Aloysius Bertrand

Gaspard de la nuit, 1842


L’Office du soir


   
Quand, vers Pâque ou Noël, l’église, aux nuits tombantes
S’emplit de pas confus et de cires flambantes.
VICTOR HUGO. — Les chants du Crépuscule.


 

    Dixit Dominus Domino meo : sede a dextris meis.
Office des vêpres.

Trente moines, épluchant feuillet par feuillet des psautiers aussi crasseux que leurs barbes, louaient Dieu et chantaient pouilles au diable.

 

*

 

« Madame, vos épaules sont une touffe de lys et de roses. » — Et comme le cavalier se penchait, il éborgna son valet du bout de son épée.

 

« Moqueur, minauda-t-elle, vous jouez-vous à me distraire ? — Est-ce l’Imitation de Jésus que vous lisez, Madame ? — Non, c’est le Brelan d’Amour et de Galanterie. »

 

Mais l’office était psalmodié. Elle ferma son livre et se leva de la chaise. — « Allons-nous-en, dit-elle ; assez prié pour aujourd’hui ! »

 

*

 

Et moi, pèlerin agenouillé à l’écart sous les orgues, il me semblait ouïr les anges descendre du ciel mélodieusement.

 

Je recueillais de loin quelques parfums de l’encensoir, et Dieu permettait que je glanasse l’épi du pauvre derrière sa riche moisson.

 


Commentaire (s)
Déposé par Cochonfucius le 9 mai 2016 à 17h46

Autour de l’égise
----------------

L’église vibre au son du chant de trente moines ;
Au-dehors, deux démons qui dansent dans les airs,
Personne ne les voit, le village est désert
Tout autant que la friche où vivait Saint Antoine.

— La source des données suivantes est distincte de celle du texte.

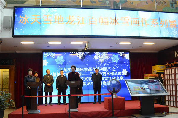 启动“墨韵冰雪北国情”龙江百幅冰雪画作系列展览,展示“冰雪龙江”。全民冰雪活动日上午9时,由省文化厅和省文联共同举办的龙江百幅冰雪画作系列展览在省博物馆正式启动,省委宣传部部务委员庞玉红,省文联主席傅道彬,省文化厅党组书记、厅长张丽娜,著名冰雪画家于志学等省内知名画家及社会各界人士等百余人出席了启动仪式并观看了展览,启动仪式由省文化厅副厅长马军主持,厅长张丽娜发表了致辞。龙江百幅冰雪画作系列展览计划从12月20日到明年3月20日持续3个月时间,在省博物馆陆续向社会公众免费推出“墨韵冰雪北国情——于志学艺术作品展”、“冰舞墨韵北国情——朱晓东冰版画作品展”和“冰天雪地 金山银山——黑龙江冰雪题材优秀摄影作品展”三个系列展,展览以“冰天雪地·冰雪情”为主题,展现“冷逸之美”的冰雪艺术、中国画“白的体系”和龙江冰雪奇观的画意景致,为游客和市民搭建参观鉴赏冰雪艺术作品的平台,展示黑龙江省“冰天雪地”壮美景色。
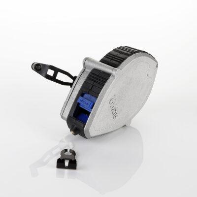 Le cordeau traceur est construit avec une base en métal avec un revêtement extérieur en caoutchouc pour une meilleure ergonomie. Il est doté d’un crochet permettant d’attacher le cordon à diverses surfaces. Le cordon est en polyester pour éviter l’effilochage, et la tirette a une fonction de verrouillage.

Dans la nef, un galant raconte des sornettes
À une Margoton d’exemplaire piété ;
Quand ils en sortiront, par ce beau soir d’été,
Les démons auront pris la poudre d’escampette.

Un glaneur, satisfait de sa maigre moisson,
Reste au fond de la nef, que l’encensoir parfume,
Faiblement éclairé par un cierge qui fume
Et songeant à l’auberge aux coûteuses boissons.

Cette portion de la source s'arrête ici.